MATERIAL FOR THE TASK:
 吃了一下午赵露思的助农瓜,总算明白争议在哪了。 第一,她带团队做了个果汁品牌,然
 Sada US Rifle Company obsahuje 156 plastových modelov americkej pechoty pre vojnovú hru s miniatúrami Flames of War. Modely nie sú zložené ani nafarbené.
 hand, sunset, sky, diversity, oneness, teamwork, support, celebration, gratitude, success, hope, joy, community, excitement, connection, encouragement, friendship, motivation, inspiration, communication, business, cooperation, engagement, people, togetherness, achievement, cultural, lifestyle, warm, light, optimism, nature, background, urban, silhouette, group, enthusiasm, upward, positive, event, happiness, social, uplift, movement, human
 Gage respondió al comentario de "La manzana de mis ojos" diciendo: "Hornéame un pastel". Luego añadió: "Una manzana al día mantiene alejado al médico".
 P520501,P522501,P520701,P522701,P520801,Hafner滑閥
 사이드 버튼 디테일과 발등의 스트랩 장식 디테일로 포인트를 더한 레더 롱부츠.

==

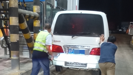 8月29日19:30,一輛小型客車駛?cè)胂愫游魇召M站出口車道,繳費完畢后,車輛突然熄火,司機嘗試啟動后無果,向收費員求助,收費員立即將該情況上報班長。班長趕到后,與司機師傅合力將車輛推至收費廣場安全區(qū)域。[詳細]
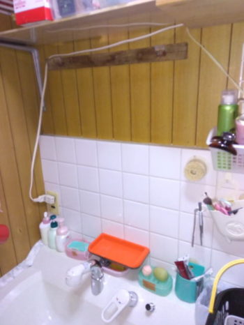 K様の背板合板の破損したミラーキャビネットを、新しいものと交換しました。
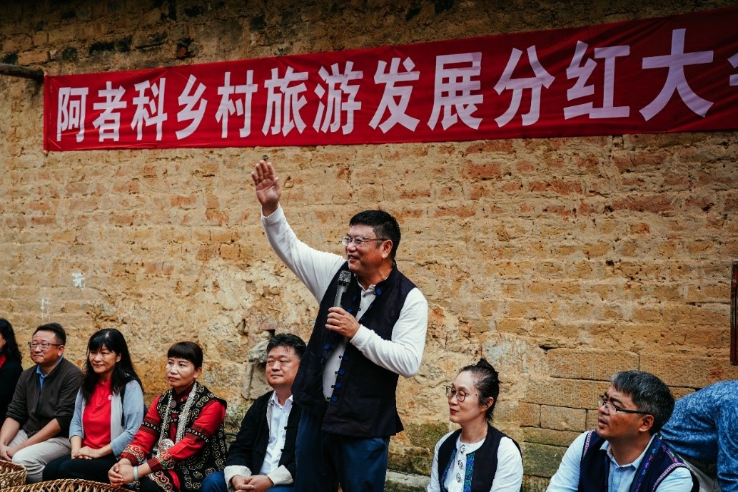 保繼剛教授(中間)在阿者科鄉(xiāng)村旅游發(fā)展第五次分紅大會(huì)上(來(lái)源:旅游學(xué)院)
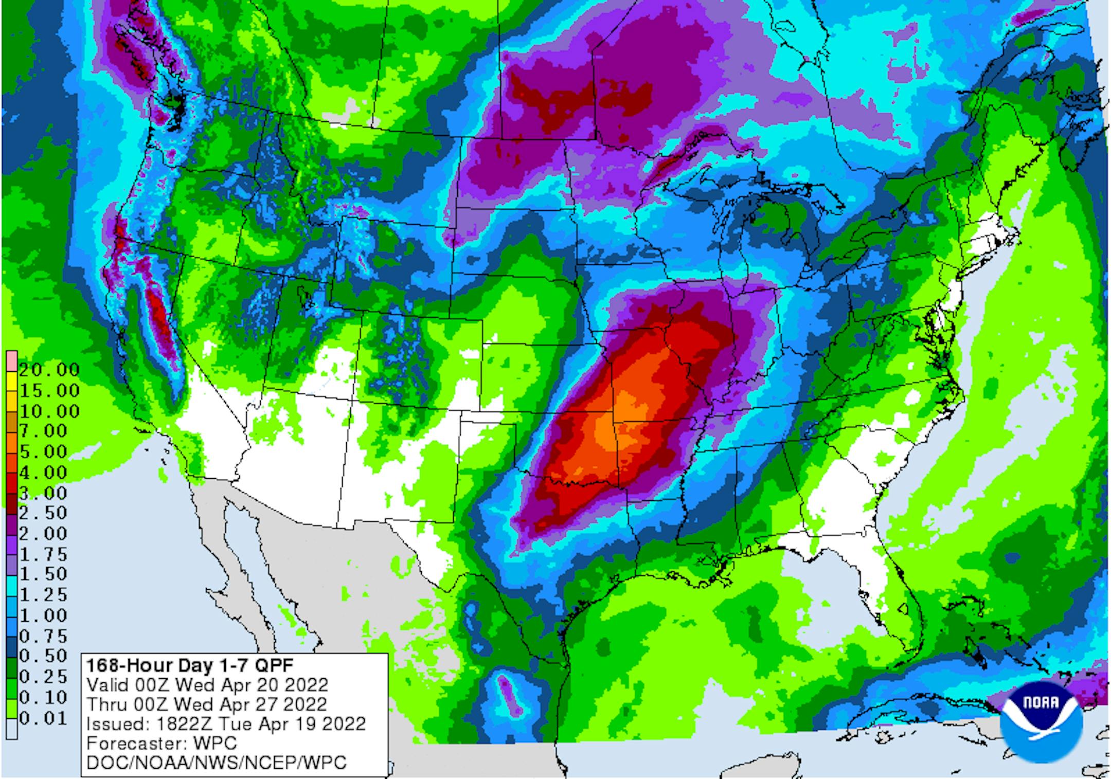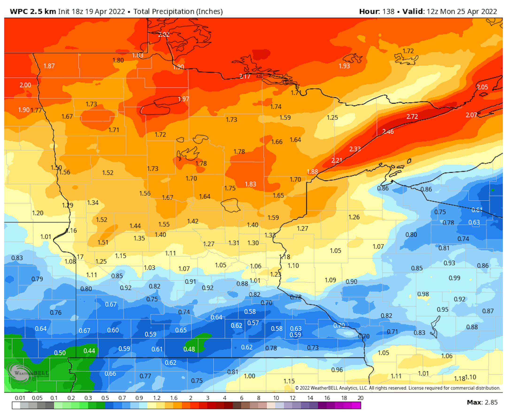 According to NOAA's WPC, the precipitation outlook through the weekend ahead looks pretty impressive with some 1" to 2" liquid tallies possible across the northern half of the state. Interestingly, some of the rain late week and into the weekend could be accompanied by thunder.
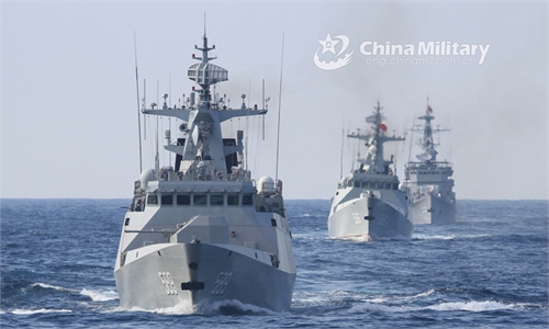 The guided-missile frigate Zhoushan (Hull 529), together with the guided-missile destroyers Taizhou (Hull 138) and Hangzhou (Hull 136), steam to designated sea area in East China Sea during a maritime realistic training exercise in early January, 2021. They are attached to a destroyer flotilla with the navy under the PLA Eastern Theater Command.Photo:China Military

PROBLEM REQUIREMENTS: Within the material above, output exactly the lines from the one with "Gage respondió al" through the one with "사이드 버튼 디테일과 발등의 스트랩 장식 디테일로 포인트를 더한 레더 롱부츠.", end lines included, and nothing besides.

TASK OUTPUT:
 Gage respondió al comentario de "La manzana de mis ojos" diciendo: "Hornéame un pastel". Luego añadió: "Una manzana al día mantiene alejado al médico".
 P520501,P522501,P520701,P522701,P520801,Hafner滑閥
 사이드 버튼 디테일과 발등의 스트랩 장식 디테일로 포인트를 더한 레더 롱부츠.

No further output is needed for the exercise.